Wednesday, July 14, 2010

Ministry blocks hike in airport fees

New Delhi: It may not be easy for airport developers — private or state-owned — to incre­ase user development fees collected from air travellers on the pretext of not being able to make enough money to repay their loans or get dec­ent returns on investments.
Instead, airport develop­ers may be asked to partly cross subsidise air serv­ices ope­rations from earn­ings thr­o­ugh real estate in and around airport, hos­p­itality, retail and other services.

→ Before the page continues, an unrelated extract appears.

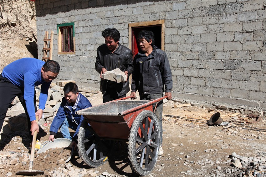 俗話說,一方水土養(yǎng)一方人,當(dāng)一方水土不能養(yǎng)活一方人時,移民搬遷就成了最好選擇。這個行動遲緩的中年男子名叫洛絨,今年48歲。他眼前的這幢建筑面積100平方米的磚混結(jié)構(gòu)單層房子,盡管室內(nèi)地面還沒灌注水泥,房內(nèi)還沒裝修,但他對即將入住新房的那份喜悅一覽無余:“你看,這房子的前面是河、后面是山,太陽一出來就能照著,住起來肯定舒服;這三間房子就有四個大窗戶,光線照得進(jìn)來,里面肯定亮堂;這一進(jìn)門就是客廳,兩邊各有一套大大的房間,裝修好后只要把家具家電一擺上,肯定漂亮;……”正當(dāng)他說得津津有味時,鄉(xiāng)上負(fù)責(zé)易地扶貧搬遷干部馬煜和包村干部鄭剛突然出現(xiàn)了他的眼前,他滿是感激地說:“其實,我知道你們都很忙,用不著隔三差五過來幫我,我保證十天之內(nèi)就把地面填平。況且再過幾天,我愛人就從山上挖蟲草回來了。有她打下手,兩個月內(nèi)我們一家人肯定就能住進(jìn)新房子啦!”

The civil aviation min­istry is understood to have favoured a hybrid till, as a revenue model that allows for apportioning revenue from aeronautical operati­ons and non-aeronautical services. This is against single till model that was proposed by the Airports Economic Regulatory Auth­o­r­ity (Aera) of India.
Sustainable revenue mo­d­­els are being worked out by Aera to enable companies like GMR group that deve­loped Delhi airport and GVK group that are expanding the Mumbai int­er­national air­port to make their operati­ons commer­cially viable. Even state-owned airports developer, Airports Authority of India (AAI) has been pushing for a sustainable revenue model to run metro and non-metro airports.
Three revenue models, single, hybrid and dual till are being considered by the Aera and civil aviation min­istry. In single till, the entire revenue generated from non-air business in airports is clubbed with that of air ser­vices. In the case of hyb­rid till, only a certain perc­en­tage is clubbed, where as in dual till model there is no clubbing of revenues.